───── Provided material ─────

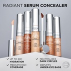 L'Oréal Paris True Match Radiant Serum Concealer har medium-hög täckningsgrad, neutraliserar mörka ringar och minskar synligheten av påsar under ögonen.
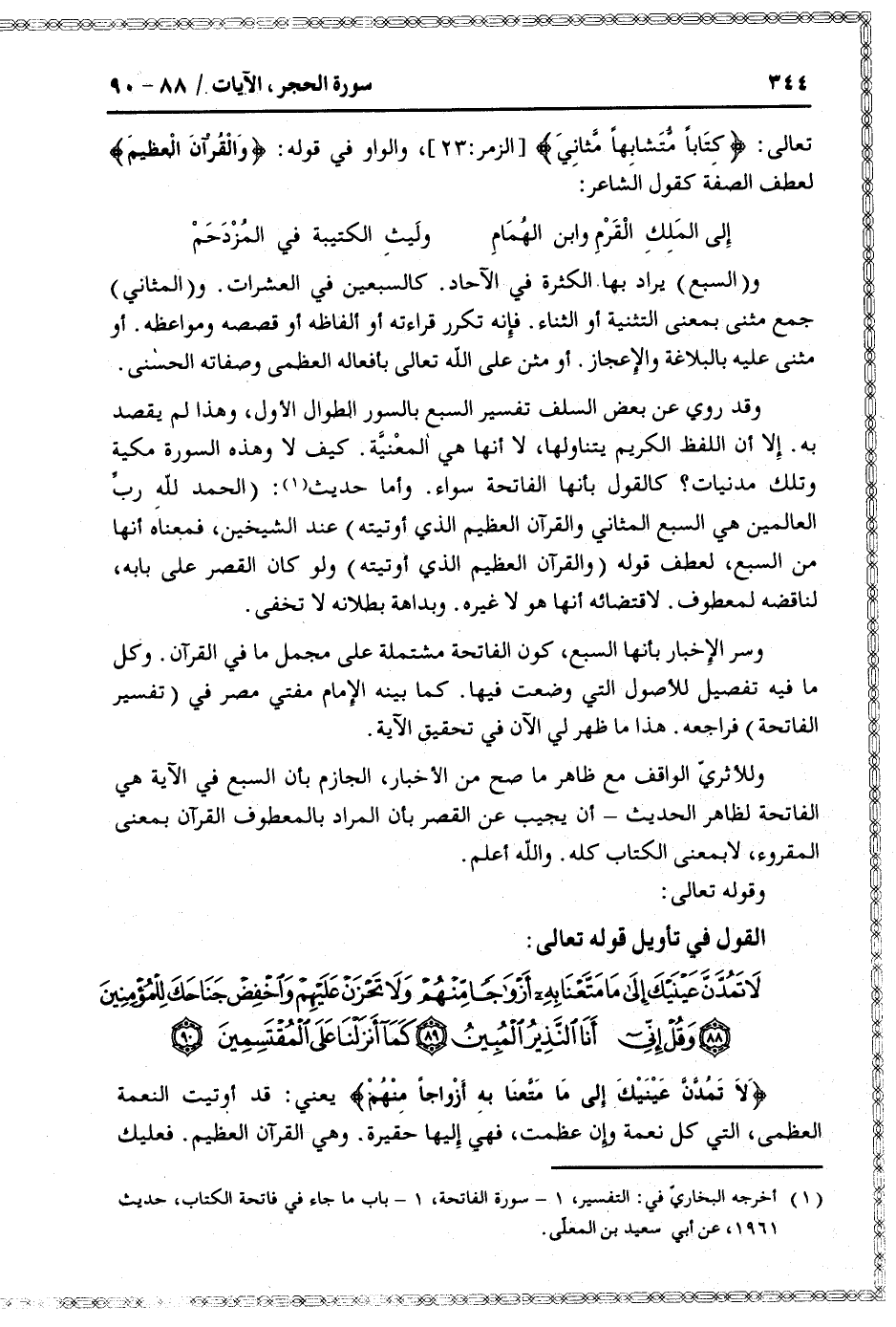 (1) أخرجه البخاريّ في: التفسير، 1- سورة الفاتحة، 1- باب ما جاء في فاتحة الكتاب، حديث 1961، عن أبي سعيد بن المعلّى.
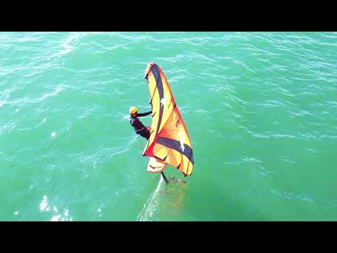 8 Knoten reichen Jérôme aus, um mit einem 6er Wing ins Fliegen zu kommen. Eine entspannte Session mit Miniswell. Leichtwind-Wassersport: Seitdem es Wingfoilen gibt ist Surfsport möglich, wo früher einfach nichts ging...
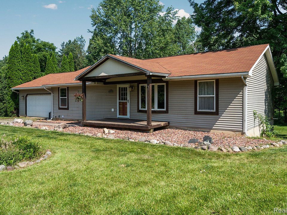 Welcome to 5670 Mason Road. This is a great open floor plan ranch home located on 2.1 acres in Howell Township. Less than 4 miles to the expressway for easy commutes, and close to stores and town for conveniences, but with a bit of country living. Sit on your front porch and enjoy the nice yard, before you walk into a vaulted great room with wood flooring, a large kitchen with plenty of cupboard and granite counter space, island seating and room for a nice dining room. Then, you can walk out to the back deck, from the great room where you can relax, with mature trees and landscaping for privacy. Back in the home, enter into the double doors open of the primary bedroom suite that features 2 walk in closets and a nice size primary bath w/shower and soaker tub. Split floor plan is a plus, with a 2nd bedroom and full bath on the other side of the home. There is an entryway room from the oversized garage with first floor laundry and a door from the garage to the back deck as well. Lower level is finished with a 3rd bedroom, walk out access, full bath and a separate family room. (it will need flooring if desired). Call today for your private tour.
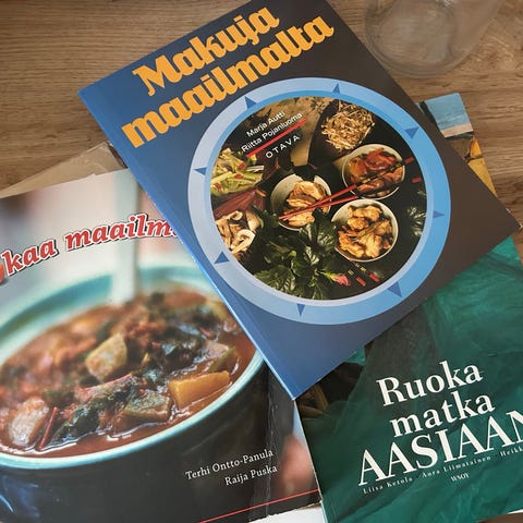 Annetaan Kotivinkkikirjaston suuri mikroruokakirja vuodelta 1993 . Ohjeet helposti muunneltavissa airfryerille.
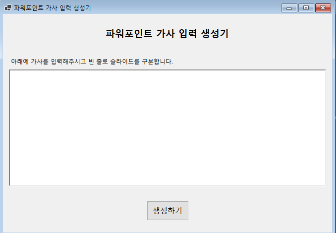 오늘은 WinForms C#으로 가사 텍스트를 파워포인트 슬라이드로 나눠서 변환해주는 프로그램을 만들어보려고 합니다. 제가 개인적으로 교회 방송실을 하면서 찬양 가사를 급하게 파워포인트로 출력해야 할 때 제작의 필요성을 많이 느꼈습니다. 그 이유는 타이핑이나 가사를 2-3줄씩 각각 복사해서 슬라이드에 있는 텍스트 상자에 붙여 넣는 것이 의외로 시간이 걸리기 때문입니다. 그래서 직접 개발을 해보기로 결심하고 그 과정을 아래에 남깁니다.
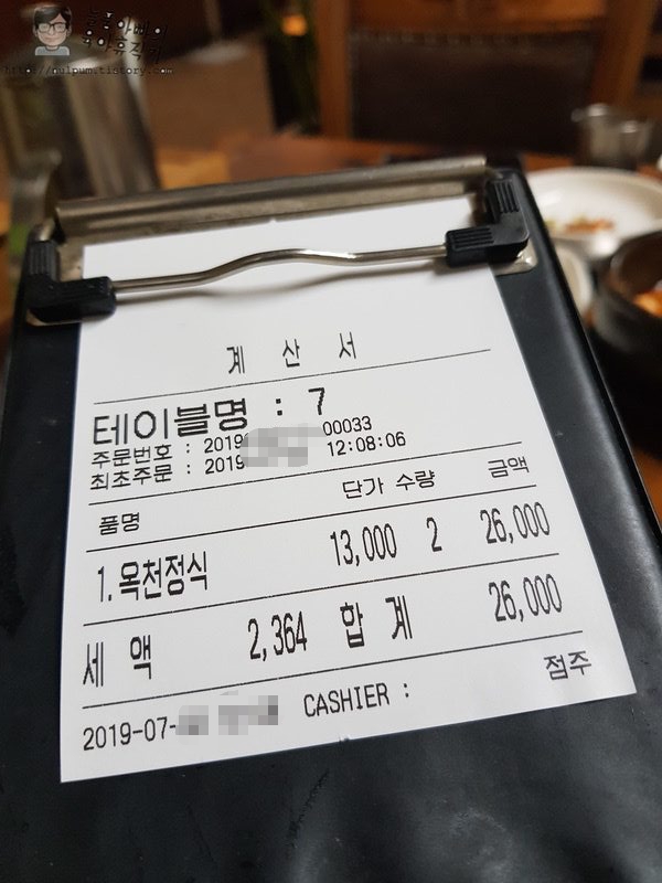 메뉴는 예전에는 명칭이 '해물순두부 정식'이었던 거 같은데 지금은 그냥 '옥천 정식'이네요.
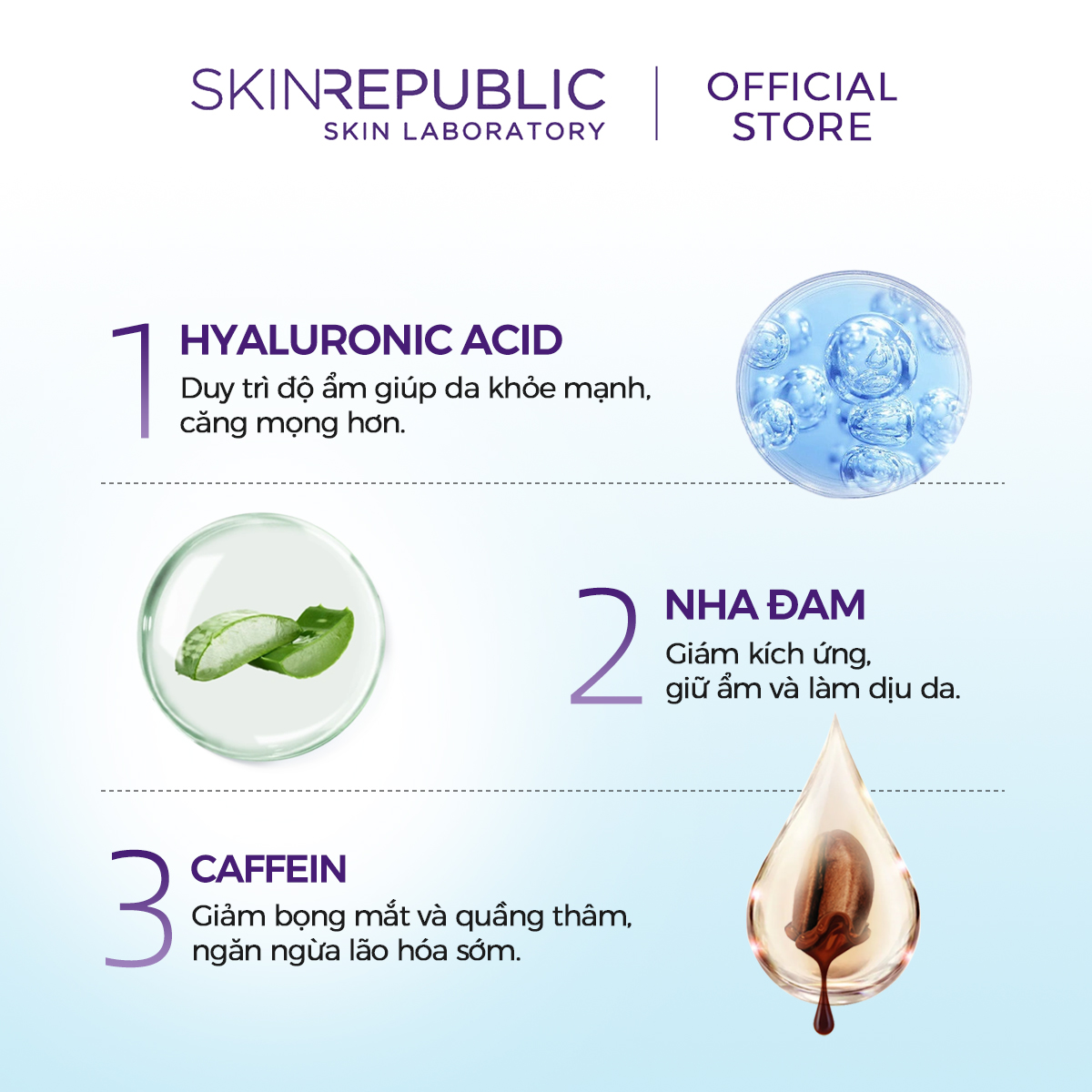 - Hyaluronic Acid Các phân tử Hyaluronic Acid có khả năng giữ nước gấp 1000 lần trọng lượng của chính mình và là thành phần chính tạo nên cấu trúc da của da, duy trì làn da khỏe mạnh và mịn màng. Hyaluronic Acid giúp cải thiện độ ẩm cho làn da của bạn đồng thời củng cố hàng rào bảo vệ da, giúp làn da của bạn trông mềm mại, mịn màng hơn và căng mọng hơn.
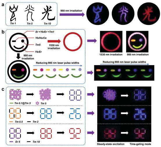 圖5. 前沿應(yīng)用:a)穩(wěn)態(tài)防偽演示;b)脈沖激發(fā)的多模式防偽;c)時(shí)域信息存儲。
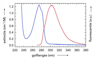 Tyrosine absorbeert ultraviolet licht. De absorptie van licht (extinctie) hangt onder andere af van de molaire extinctiecoëfficiënt. Deze grootheid is gerelateerd aan de soort stof en de golflengte van het licht. Tyrosine heeft zijn hoogste extinctie bij een golflengte van tussen de 260 en 300 nm. Bij een hoge pH (pKa = 10) staat de hydroxylgroep zijn proton af, waardoor de extinctie van tyrosine naar hogere golflengtes (richting het rood) verschuift.
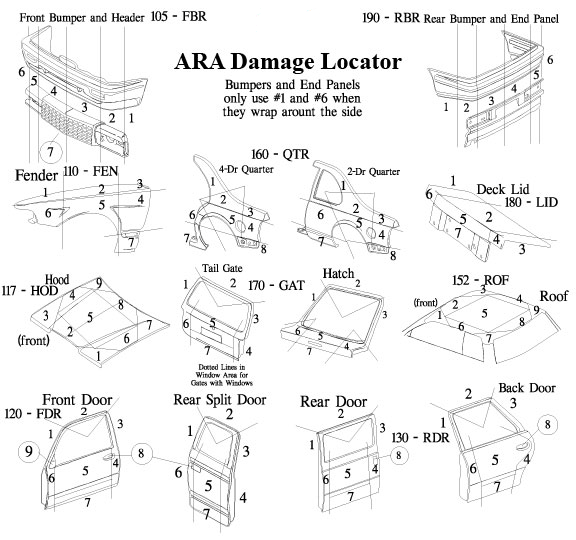 Pictured below is what is most commonly referred to as a Damage Code Locator which is provided to recyclers by the Automotive Recyclers Association. The Damage Code Locator is extremely useful for identifying specific damage locations on parts.
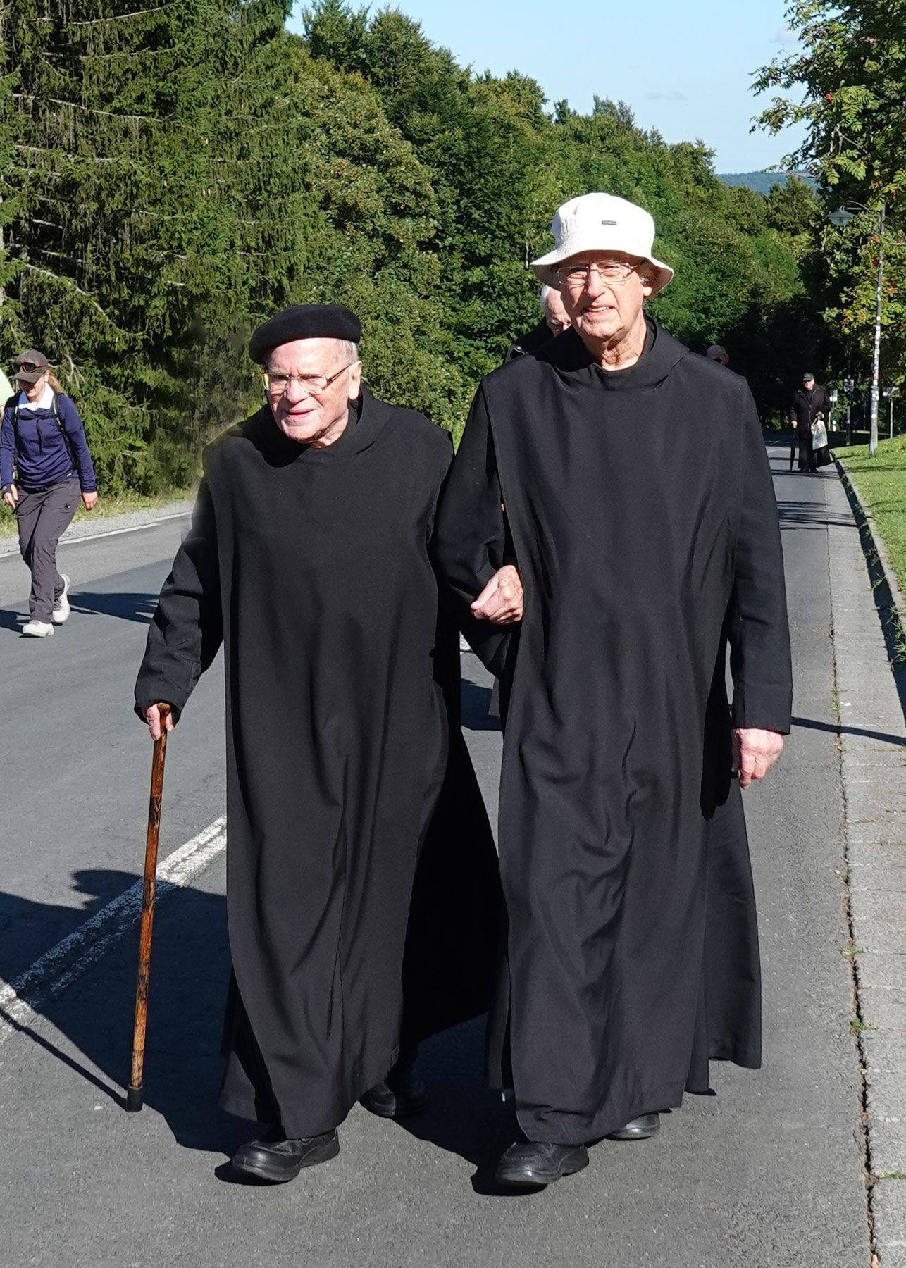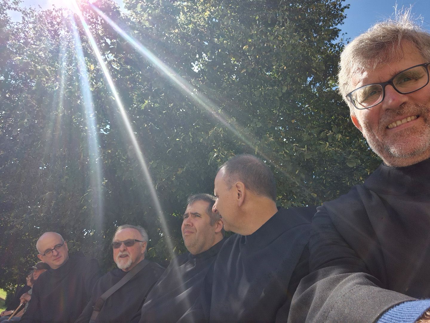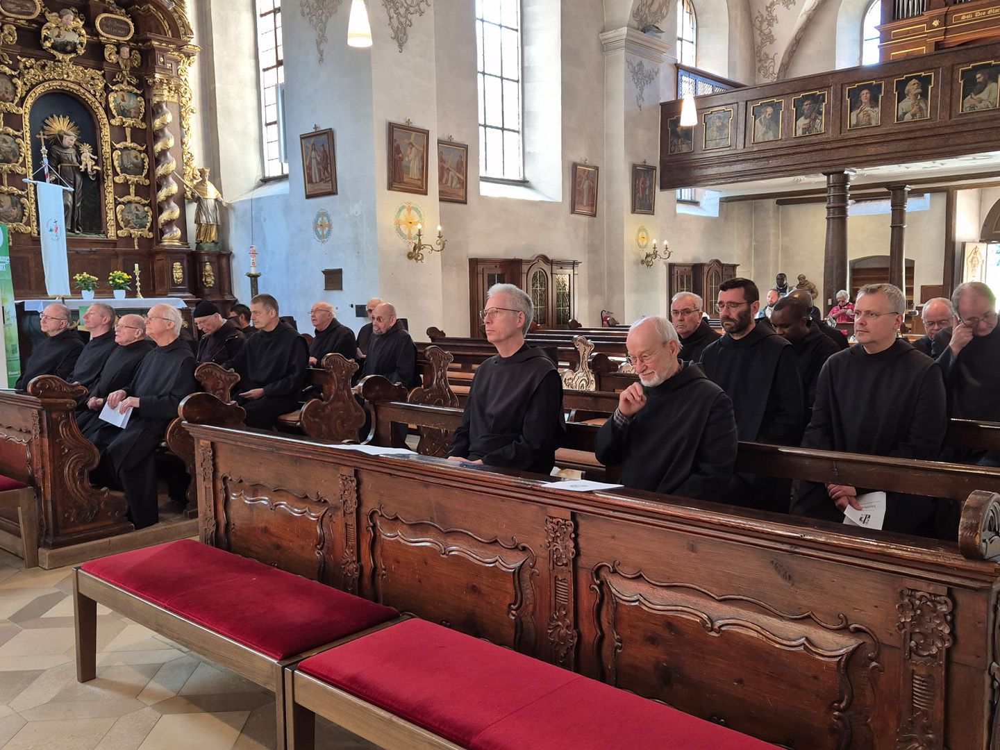 Eine besondere Verbindung zwischen uns Benediktinern von Münsterschwarzach und den Franziskanerbrüdern auf dem Kreuzberg entstand übrigens vor inzwischen 84 Jahren aus der Not der Zeit heraus: 1941 wurde die Abtei Münsterschwarzach von der Gestapo aufgehoben und ein Teil des Konventes (sofern nicht ohnehin schon zum Kriegs- oder Arbeitsdienst eingezogen) kurzerhand auf den Kreuzberg verfrachtet. Weder wussten die Münsterschwarzacher Patres, wohin die Reise ging, noch wussten die Franziskanerbrüder auf dem Kreuzberg, dass neue Mitbewohner zu ihnen unterwegs waren. Als sie dann überraschend vor der Türe standen, fanden sie freundliche Aufnahme und für mehrere Wochen ein neues Zuhause.
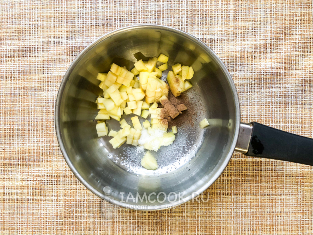 Яблоко очистите и нарежьте на маленькие кубики. В сотейнике соедините яблоко, сахар и корицу. Прогрейте на маленьком огне, постоянно помешивая, в течение 2 минут.
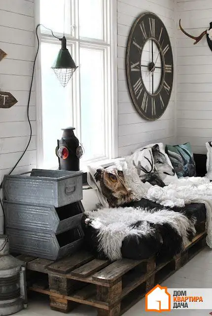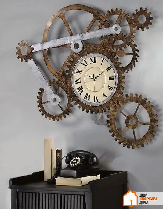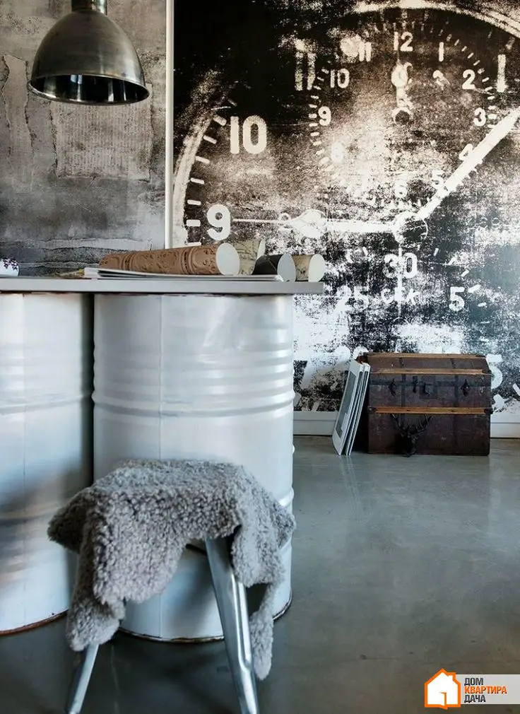 In minimalistischem Design des Industriestils werden authentische Werkzeug-Accessoires oder stilisierte Objekte verwendet. Zähne, Muttern, Ventile, Rohre werden nicht nach ihrem ursprünglichen Zweck verwendet, sondern als Elemente zur Raumdekoration. Wände werden mit Graffiti-Stil-Bildern, Werbeplakaten und leuchtenden Schildern geschmückt.

─────

• **Directions for this task**
Write back word for word every line in the entries above from the one with "圖5. 前沿應(yīng)用" to the one with "Eine besondere Verbindung", ends included, and none of the pictures.

• **Result below**
 圖5. 前沿應(yīng)用:a)穩(wěn)態(tài)防偽演示;b)脈沖激發(fā)的多模式防偽;c)時(shí)域信息存儲。
 Tyrosine absorbeert ultraviolet licht. De absorptie van licht (extinctie) hangt onder andere af van de molaire extinctiecoëfficiënt. Deze grootheid is gerelateerd aan de soort stof en de golflengte van het licht. Tyrosine heeft zijn hoogste extinctie bij een golflengte van tussen de 260 en 300 nm. Bij een hoge pH (pKa = 10) staat de hydroxylgroep zijn proton af, waardoor de extinctie van tyrosine naar hogere golflengtes (richting het rood) verschuift.
 Pictured below is what is most commonly referred to as a Damage Code Locator which is provided to recyclers by the Automotive Recyclers Association. The Damage Code Locator is extremely useful for identifying specific damage locations on parts.
 Eine besondere Verbindung zwischen uns Benediktinern von Münsterschwarzach und den Franziskanerbrüdern auf dem Kreuzberg entstand übrigens vor inzwischen 84 Jahren aus der Not der Zeit heraus: 1941 wurde die Abtei Münsterschwarzach von der Gestapo aufgehoben und ein Teil des Konventes (sofern nicht ohnehin schon zum Kriegs- oder Arbeitsdienst eingezogen) kurzerhand auf den Kreuzberg verfrachtet. Weder wussten die Münsterschwarzacher Patres, wohin die Reise ging, noch wussten die Franziskanerbrüder auf dem Kreuzberg, dass neue Mitbewohner zu ihnen unterwegs waren. Als sie dann überraschend vor der Türe standen, fanden sie freundliche Aufnahme und für mehrere Wochen ein neues Zuhause.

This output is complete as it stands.